How can I calculate the elementwise maximum of two columns in Polars inside an expression?
Polars version = 0.13.31
Problem statement as code:
import polars as pl
import numpy as np
df = pl.DataFrame({
"a": np.arange(5),
"b": np.arange(5)[::-1]
})
# Produce a column with the values [4, 3, 2, 3, 4] using df.select([ ... ]).alias("max(a, b)")
Polars claims to support numpy universal functions (docs), which includes np.maximum which does what I'm asking for. However when I try that I get an error.
df.select([
np.maximum(pl.col("a"), pl.col("b")).alias("max(a, b)")
])
# TypeError: maximum() takes from 2 to 3 positional arguments but 1 were given
There appears to be no Polars builtin for this, there is pl.max
but this returns only the single maximum element in an array.
Using .map()
my_df.select([
pl.col(["a", "b"]).map(np.maximum)
])
# PanicException
I'm able to do this using the following snippet however I want to be able to do this inside an expresion as it's much more convenient.
df["max(a, b)"] = np.maximum(df["a"], df["b"])

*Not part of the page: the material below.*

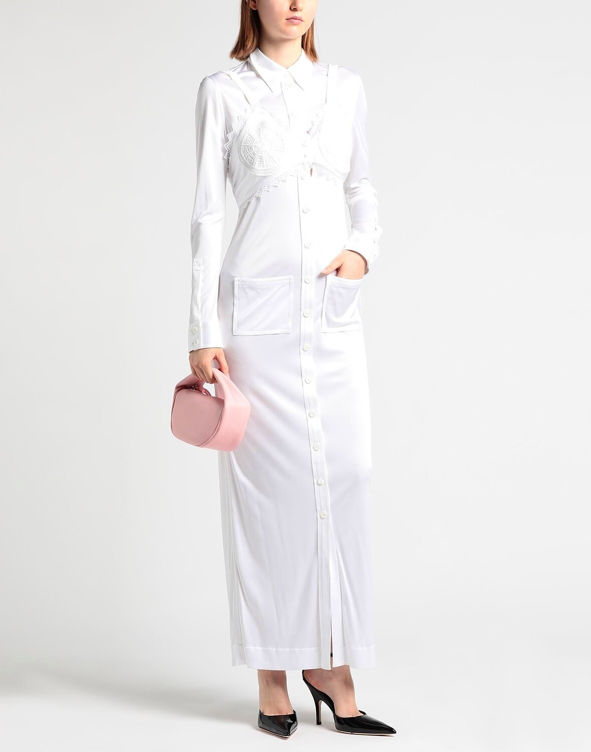 Джерси, кружево, без аппликаций, одноцветное изделие, воротник на пуговицах, длинные рукава, без подкладки, застежка на пуговицы, множество карманов, химчистка, не отбеливать, нельзя сушить в стиральной машине, платье-рубашка

You can use .max_horizontal()
df = pl.select(
a = pl.int_range(0, 5),
b = pl.int_range(0, 5).reverse(),
)
shape: (5, 2)
┌─────┬─────┐
│ a ┆ b │
│ --- ┆ --- │
│ i64 ┆ i64 │
╞═════╪═════╡
│ 0 ┆ 4 │
│ 1 ┆ 3 │
│ 2 ┆ 2 │
│ 3 ┆ 1 │
│ 4 ┆ 0 │
└─────┴─────┘
df.with_columns(
pl.max_horizontal('a', 'b').alias('max(a, b)')
)
shape: (5, 3)
┌─────┬─────┬───────────┐
│ a ┆ b ┆ max(a, b) │
│ --- ┆ --- ┆ --- │
│ i64 ┆ i64 ┆ i64 │
╞═════╪═════╪═══════════╡
│ 0 ┆ 4 ┆ 4 │
│ 1 ┆ 3 ┆ 3 │
│ 2 ┆ 2 ┆ 2 │
│ 3 ┆ 1 ┆ 3 │
│ 4 ┆ 0 ┆ 4 │
└─────┴─────┴───────────┘
The API also contains other horizontal functions.